Katie’s guest for Episode 8 of the second season of The IC Podcast is Keith Lewis, UK social media and social business manager for Zurich Insurance.
Keith explained how one of the world’s largest insurance groups empowers members of its 55,000-strong workforce to tell their own stories with confidence and authenticity on internal and external social platforms.
Here are five key learnings from their conversation.
#1 – Don’t be a corporate monkey
“The last thing I ever want anyone to do is to go online and just share all of Zurich’s stuff. How dull would that be? You would just become a broadcast corporate monkey, a corporate puppet. People aren’t like that in real life: they might share a mixture of things. When you go to work, you don’t just talk about work – you talk about other things as well. So you can bring some of those things to your social platforms as well.”
#2 – Allow employees to be themselves online
“We’re in the trust game: we trust our people to go out and sell products to our customers.

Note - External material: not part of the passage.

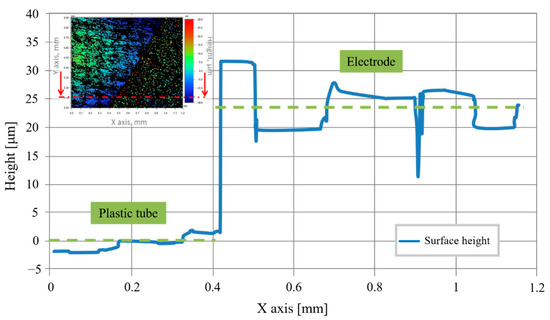 The electrode’s electrical conductivity is ensured by controlling the metallic deposit thickness measured by an optical profilometer (Figure 27). The sensor’s metallic thickness layer presents a value of about 25 µm.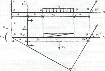 Задание Для консольной балки, нагруженной равномерно распределенной нагрузкой интенсивностью q, силой F и парой сил с моментом М, определить опорные реакции заделки, если q = 20 кН/м, F= 10 кН, М =5 кН м, а = 0,4 м. Решение 1.Выбираем систему координат хАу, совмещая ось х с балкой, а ось у, направляя перпендикулярно оси х. Освобождаем балку от связей и прикладываем реакции связей: реактивный момент МА и составляющие реакции RA по осям координат RAX и RAY. Равнодействующую равномерно распределенной нагрузки Fq = q · 2а = 20 · 2 ·0,4 = 16 кН, приложенную в точке пересечения диагоналей прямоугольника, переносим по линии ее действия в середину участка CD — в точку К. 2. Для полученной плоской системы сил составляем 3 уравнения 2.1 Определяем реактивный момент МA ∑МA(FK)=0: MA-M + Fq 3a-F · AE=0. Определяем плечо силы F относительно точки А. Для того из точки А опускаем перпендикуляр АЕ на линию действия силы F. Из ∆ ABE определяем плечо силы F: АЕ=АВ · sin60°=5а sin60°=5 · 4 · 0.8560=1.732 м 2.2 Определяем реакцию rax ΣFAX=0; rAX +F ·cos60° =0; RAX=-F · cos60° = -10 ·0.5 кН. Реакция RAX получилась отрицательной, следовательно, ее действительное направление противоположно предварительно выбранному. 2.3 Определяем реакцию RAY: ΣFXY =0; RAY –F + F · cos30° =0 RAY=Fq-F · cos30° =16-10 · 0,8660 = 7,340 кН. 3. Проверка: ΣMB (FK) = 0; MA+RAY · 5a - M-Fq · 2a = 0; 3,120 + 7,340 · 5 ·0,4 -5-16 ·2 ·0,4=0 Условие равновесия ΣMB (FK)= 0 выполняется. К решению третьей задачи контрольной работы № 1 нужно приступить после изучения тем: "Центр тяжести", "Геометрические характеристики плоских сечений". При определении координат центра тяжести площади сложного сечения следует помнить, что центр тяжести прямоугольника располагается в точке пересечения его диагоналей, а координаты центра тяжести прокатных профилей необходимо определять с помощью таблиц сортаментов, в которых указаны размеры и координаты центра тяжести двутавров, швеллеров и уголков. При расчете на прочность и жесткость деталей, испытывающих кручение и изгиб, а также в расчетах на устойчивость сжатых стержней фигурируют некоторые характеристики, определяющие способность тела сопротивляться деформированию. Такими характеристиками, значения которых зависят от размеров и формы тела, являются моменты инерции сечений. В предлагаемых задачах также требуется определить главные центральные моменты инерции, то есть осевые моменты инерции сечения относительно его главных центральных осей. Напоминаем, что в сечении с двумя осями симметрии эти оси и являются главными центральными; в сечении с одной осью симметрии вторая главная центральная ось проходит через центр тяжести сечения перпендикулярно первой.

And these are really important things we’re talking about: the things that will put us back on our feet if we have an accident, our home gets flooded or we get an illness. It’s really big stuff, and we trust our people to do that on a day-to-day basis, so [trusting them to use their voices online] is just an extension of that.”
#3 – Employees self-publishing personal stories is the future of IC
“There’ll be fewer comms people now doing the job that we used to do 10 years ago, so we’ve got to find new ways of doing that. And part of that is to empower different people in our organisations to tell their own stories; leave us comms people out of it, to some extent. Workplace [by Facebook] lets people practise telling their stories, and then it becomes habit.”

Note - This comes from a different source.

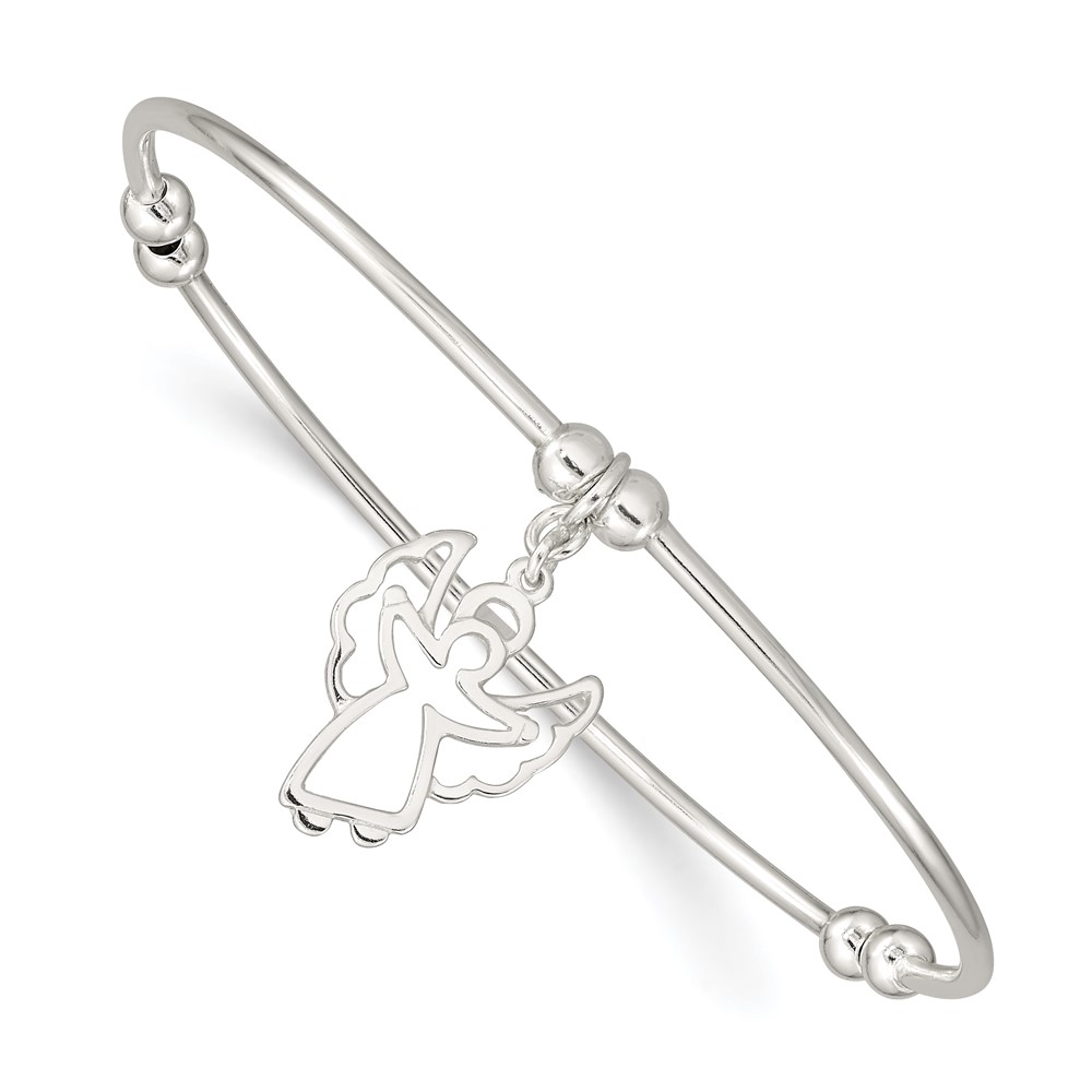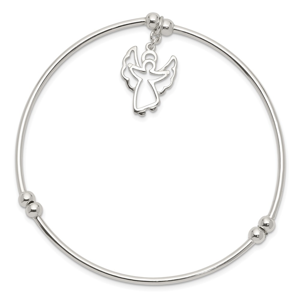Sterling Silver Rhodium-plated Bead w/Angel Stretch Bangle Bracelet

#4 – Never underestimate the power of cats
“One of our big groups on Workplace is Pets at Zurich, which I think is inherently everything that we shouldn’t have from a social media thing. But if it gets people onto Workplace to share their cat pictures, and then they go and look at a strategic piece, talk about what their business is doing and chat to a leader about it, then I’m sort of comfortable with it. If that’s where the conversation is happening in your network, then embrace it and give them somewhere to go and then gradually feed them with the more business things.”

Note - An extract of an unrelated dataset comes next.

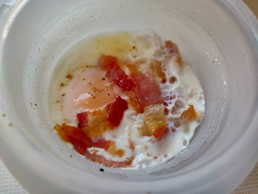 Añadir la mitad de las tiras de bacon y cocinar el huevo en el estuche a 700W durante 40 segundos.

#5 – Find the influencers in your organisation who can spread key messages for you
“You need to find your Trojan mice. These are key people at ground level – they don’t necessarily have to be exec or management – who are the leaders in their own offices and, if you can take them with you, they will be your Trojan mice in the workforce. They’ll build whatever it is you want them to build in whatever way you want them to do it.”